»»
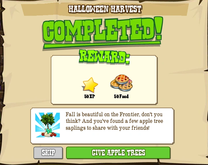 Halloween Harvest is one of the Limited Edition Goals in FrontierVille. It was the first part in the Trick or Treat! Goal Series. It was released on October 21st, 2010 and expired on November 7th, 2010.
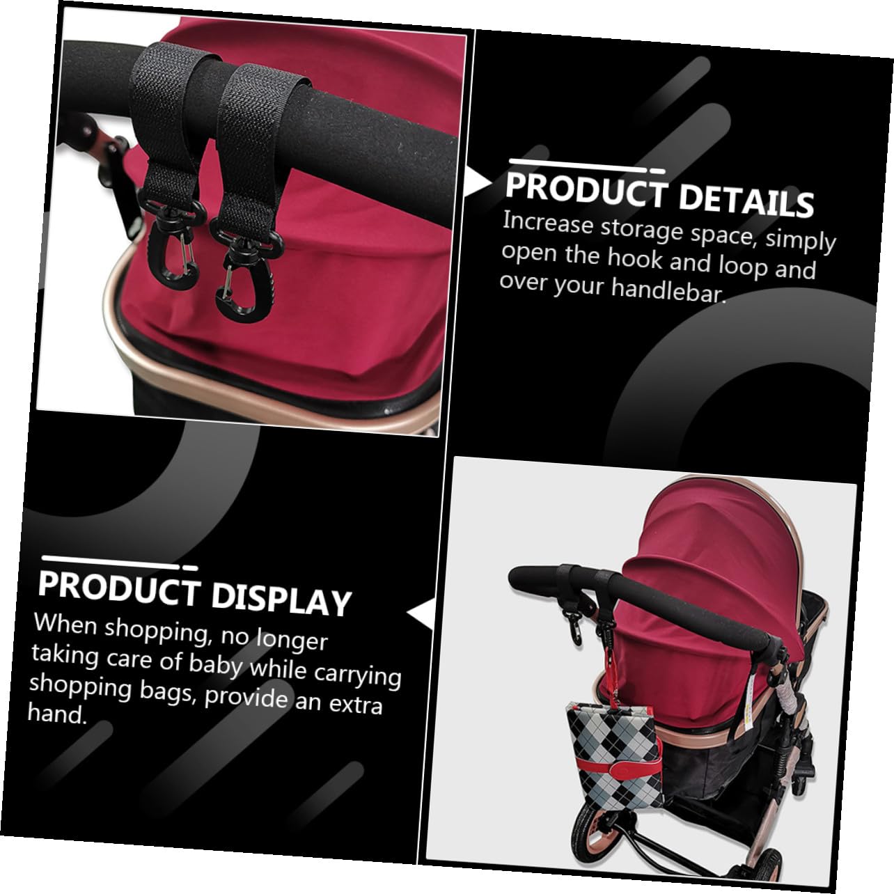 -Protects your diaper bags, purses in order, as well as providing extra space for your stroller handle pram hooks for bags.
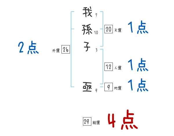 我孫子亟さんの総運は29画の4つ星
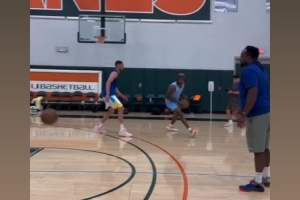 体育资讯7月8日讯 克莱今天更新Instagram,分享了一段自己和拉塞尔一起练球的视频。
««
• YOUR OBJECTIVE:
Give the listing again in full, exactly as it is, but without its images.

• YOUR RESPONSE:
 Halloween Harvest is one of the Limited Edition Goals in FrontierVille. It was the first part in the Trick or Treat! Goal Series. It was released on October 21st, 2010 and expired on November 7th, 2010.
 -Protects your diaper bags, purses in order, as well as providing extra space for your stroller handle pram hooks for bags.
 我孫子亟さんの総運は29画の4つ星
 体育资讯7月8日讯 克莱今天更新Instagram,分享了一段自己和拉塞尔一起练球的视频。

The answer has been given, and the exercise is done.